• _WHAT TO PRODUCE_
Go through the entries below and print, exactly, the lines starting at the one with "Today we will" and ending at the one with "La vivienda, reformada", keeping both ends and no others.

• _PROVIDED DATA_
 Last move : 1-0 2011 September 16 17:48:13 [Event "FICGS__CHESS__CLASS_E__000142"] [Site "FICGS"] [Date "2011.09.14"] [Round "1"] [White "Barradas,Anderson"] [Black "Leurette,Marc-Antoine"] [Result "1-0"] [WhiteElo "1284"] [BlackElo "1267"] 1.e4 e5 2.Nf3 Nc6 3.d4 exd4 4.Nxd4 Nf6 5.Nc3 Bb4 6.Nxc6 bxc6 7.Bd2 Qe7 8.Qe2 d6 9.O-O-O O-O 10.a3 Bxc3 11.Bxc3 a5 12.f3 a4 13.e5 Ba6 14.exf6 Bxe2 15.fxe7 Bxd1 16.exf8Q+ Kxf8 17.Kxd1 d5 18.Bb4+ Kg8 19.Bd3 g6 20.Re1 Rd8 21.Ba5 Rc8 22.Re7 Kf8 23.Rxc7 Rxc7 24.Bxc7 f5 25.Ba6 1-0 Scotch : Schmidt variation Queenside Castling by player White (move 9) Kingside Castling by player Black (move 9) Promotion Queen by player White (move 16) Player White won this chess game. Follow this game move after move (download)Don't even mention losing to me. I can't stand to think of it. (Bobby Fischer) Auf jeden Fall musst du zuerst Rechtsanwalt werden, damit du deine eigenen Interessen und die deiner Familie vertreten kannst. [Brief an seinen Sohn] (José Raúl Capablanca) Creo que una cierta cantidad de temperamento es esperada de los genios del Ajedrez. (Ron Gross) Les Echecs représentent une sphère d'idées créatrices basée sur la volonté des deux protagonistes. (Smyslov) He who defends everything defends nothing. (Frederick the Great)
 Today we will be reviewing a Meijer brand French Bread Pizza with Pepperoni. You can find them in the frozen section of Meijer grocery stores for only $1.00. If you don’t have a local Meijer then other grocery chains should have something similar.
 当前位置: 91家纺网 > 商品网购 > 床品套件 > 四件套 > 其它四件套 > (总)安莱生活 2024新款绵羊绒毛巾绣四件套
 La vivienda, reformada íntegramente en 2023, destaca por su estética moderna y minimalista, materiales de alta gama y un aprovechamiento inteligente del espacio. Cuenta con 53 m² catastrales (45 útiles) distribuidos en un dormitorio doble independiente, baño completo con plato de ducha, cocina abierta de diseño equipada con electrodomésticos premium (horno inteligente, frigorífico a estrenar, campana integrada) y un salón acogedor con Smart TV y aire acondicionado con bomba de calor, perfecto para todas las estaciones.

...

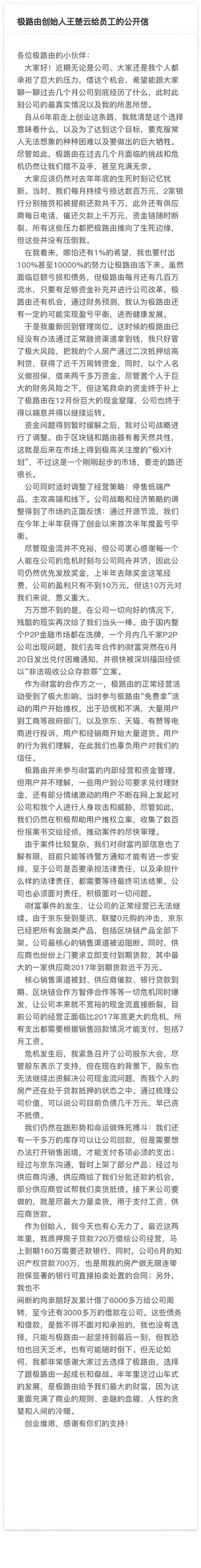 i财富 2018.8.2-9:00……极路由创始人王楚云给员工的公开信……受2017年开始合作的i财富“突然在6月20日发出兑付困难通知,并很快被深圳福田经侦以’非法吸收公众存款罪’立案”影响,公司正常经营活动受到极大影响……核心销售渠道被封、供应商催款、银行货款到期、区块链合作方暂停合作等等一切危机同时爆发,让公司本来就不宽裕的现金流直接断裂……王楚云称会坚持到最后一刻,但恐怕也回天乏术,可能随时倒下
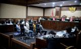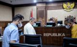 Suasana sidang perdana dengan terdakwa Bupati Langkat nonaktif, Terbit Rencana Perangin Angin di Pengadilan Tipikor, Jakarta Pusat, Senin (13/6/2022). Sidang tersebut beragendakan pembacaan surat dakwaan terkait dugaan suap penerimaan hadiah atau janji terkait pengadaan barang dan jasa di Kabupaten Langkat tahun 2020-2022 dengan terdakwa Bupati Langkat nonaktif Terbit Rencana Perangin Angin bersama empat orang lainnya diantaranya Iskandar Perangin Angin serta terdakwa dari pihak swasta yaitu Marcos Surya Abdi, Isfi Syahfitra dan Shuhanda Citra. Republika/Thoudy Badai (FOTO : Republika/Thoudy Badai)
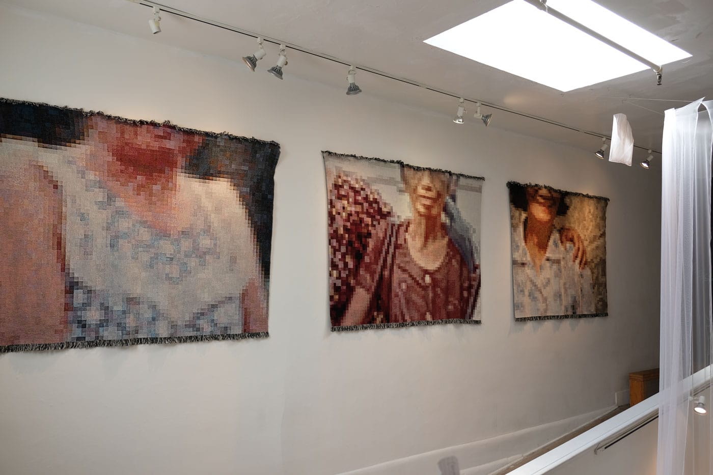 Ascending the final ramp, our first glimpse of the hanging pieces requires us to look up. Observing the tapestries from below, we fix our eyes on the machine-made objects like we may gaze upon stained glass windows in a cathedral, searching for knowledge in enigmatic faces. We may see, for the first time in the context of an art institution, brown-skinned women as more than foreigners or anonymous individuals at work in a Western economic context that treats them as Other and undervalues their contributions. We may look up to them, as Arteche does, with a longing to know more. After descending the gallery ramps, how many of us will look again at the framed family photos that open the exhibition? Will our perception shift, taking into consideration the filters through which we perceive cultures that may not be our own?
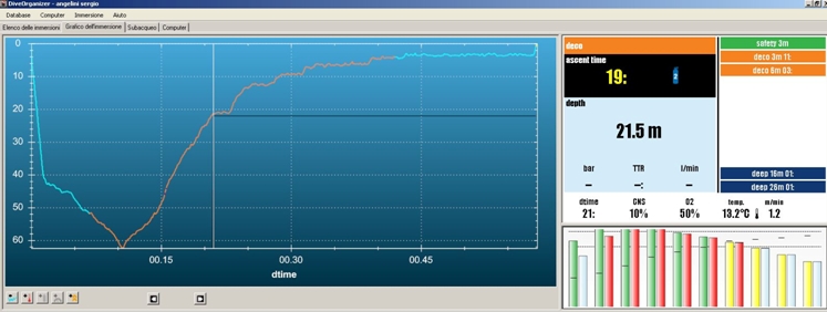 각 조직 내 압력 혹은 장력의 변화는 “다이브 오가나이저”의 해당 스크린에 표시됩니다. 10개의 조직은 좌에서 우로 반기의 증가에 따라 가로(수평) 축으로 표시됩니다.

• _RESPONSE TO THE EXERCISE_
 Today we will be reviewing a Meijer brand French Bread Pizza with Pepperoni. You can find them in the frozen section of Meijer grocery stores for only $1.00. If you don’t have a local Meijer then other grocery chains should have something similar.
 当前位置: 91家纺网 > 商品网购 > 床品套件 > 四件套 > 其它四件套 > (总)安莱生活 2024新款绵羊绒毛巾绣四件套
 La vivienda, reformada íntegramente en 2023, destaca por su estética moderna y minimalista, materiales de alta gama y un aprovechamiento inteligente del espacio. Cuenta con 53 m² catastrales (45 útiles) distribuidos en un dormitorio doble independiente, baño completo con plato de ducha, cocina abierta de diseño equipada con electrodomésticos premium (horno inteligente, frigorífico a estrenar, campana integrada) y un salón acogedor con Smart TV y aire acondicionado con bomba de calor, perfecto para todas las estaciones.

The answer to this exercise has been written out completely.